Other emerging, novel studies reviewed herein represent promising areas of inquiry as well. Several studies have explored reciprocal relationships between macro and micro aspects of sleep and daytime symptomatology among youth with AD, revealing unique sleep–emotion relationships. Accumulating evidence also suggests that duration and/or depth of SWS may shield youth with (and without) AD from subsequent depression. Accordingly, the degree to which normative developmental decline in SWA that begins with the pubertal transition intersects with elevations in anxious and affective symptomatology is an important question for future research. In addition, sleep spindle activity during NREM sleep might provide a neurobiological index of anxiety risk and/or severity. Based on the thesis that sleep spindles provide evidence of encoding emotional information/events, examination of spindles in relation to CBT-based outcomes for anxiety could provide mechanistic insight into successful/unsuccessful treatment. More sophisticated analysis of PSG parameters among children with AD therefore represents an exciting avenue for future research.

Finally, rather than merely representing a direct target of treatment, various dimensions of sleep might be leveraged to enhance anxiety-based treatment outcomes. Sleep is essential for emotional learning and memory including extinction learning, a core mechanism of exposure-based treatments. A wealth of research in animals and adults provides evidence of enhanced fear reduction when extinction training (i.e., exposure) is conducted in close proximity to a sleep period.
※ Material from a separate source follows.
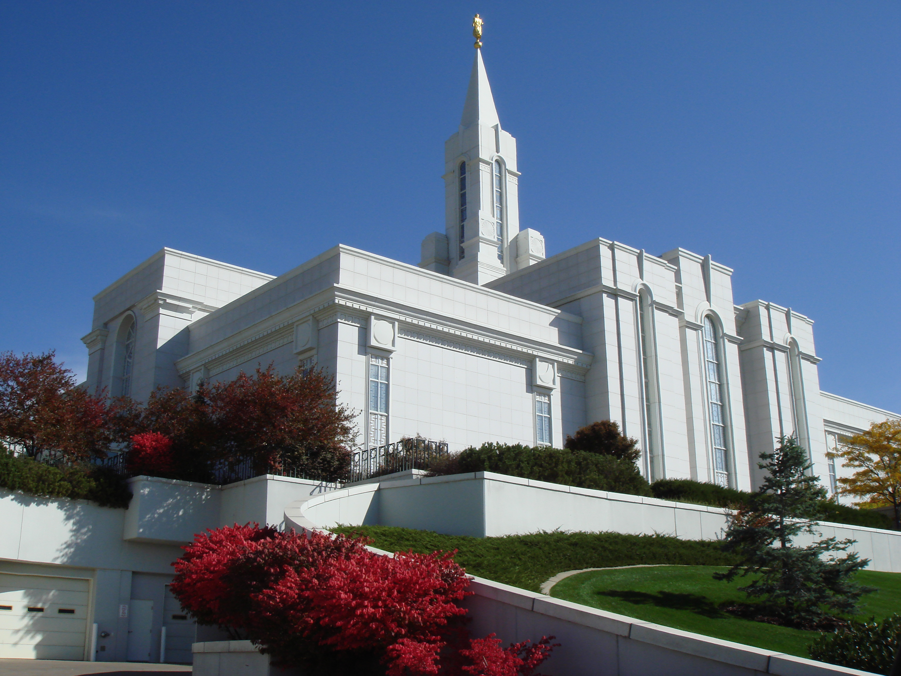 The Bountiful Utah Temple of the Church of Jesus Christ of Latter-day Saints. Photograph taken by User:Dannywsu on 10/1/06.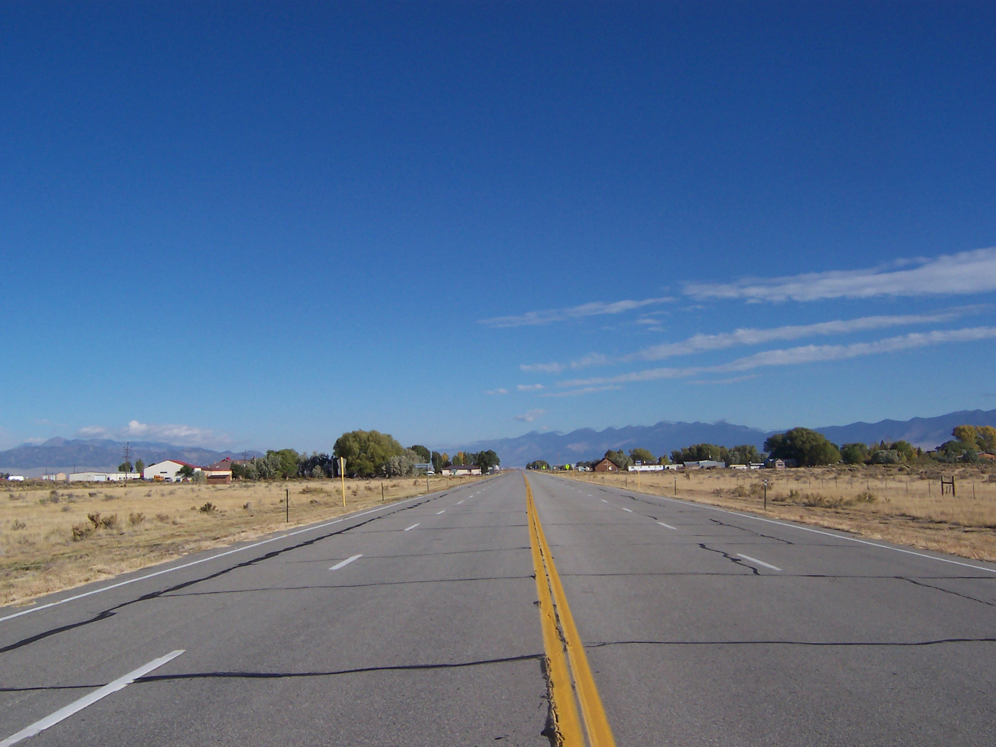 Looking north on Colorado State Highway 17 towards Moffat. About 9 AM October 5, 2010.

These learning effects are independent of circadian influences and appear to generalize to non-targeted fears. Although developmental variation in extinction learning (Kim et al. 2009; Kim and Richardson 2010) necessitates replication of these findings in child samples, the fact that CBT, the ‘gold standard’ treatment for childhood AD is effective for less than 2/3 of youth (James et al. 2013) underscores a need for novel, practical strategies to enhance its effects.

Conclusions

Cross-sectional, longitudinal, epidemiological, and experimental work emphasizes the presence of complex bidirectional relationships between sleep and anxiety across the life-span. Sleep disruption is a manifest feature of clinical levels of anxiety but also independently forecasts the development of an AD. These reciprocal impacts make clear the need to better understand the nature and consequences of sleep–wake patterns associated with early-onset AD to inform developmental models as well as comprehensive assessment and treatment approaches. The current paper highlights several fundamental questions for future research including the possibility of sensitive developmental periods wherein dimensions of sleep might intersect most intensely with anxiety symptomatology. The questions raised here are by no means exhaustive however, as other noteworthy gaps in understanding persist. For example, significant cross-cultural differences exist with regard to children’s sleep (Jenni and O’Connor 2005) but the ways in which these differences might interact with anxiety is largely unknown, even in the face of evidence for such relationships (e.g., Alfano et al. 2010). As such, findings included in the current review are mainly based on Caucasian youth from western cultures. Other valuable questions relate to whether and to what extent specific forms of anxiety might be more susceptible to circadian rhythm disturbances across development. Overall, probing of these and other questions ultimately rests upon an understanding of sleep that surpasses mere symptoms and problems to include appreciation of more intimate relationships with emotional health.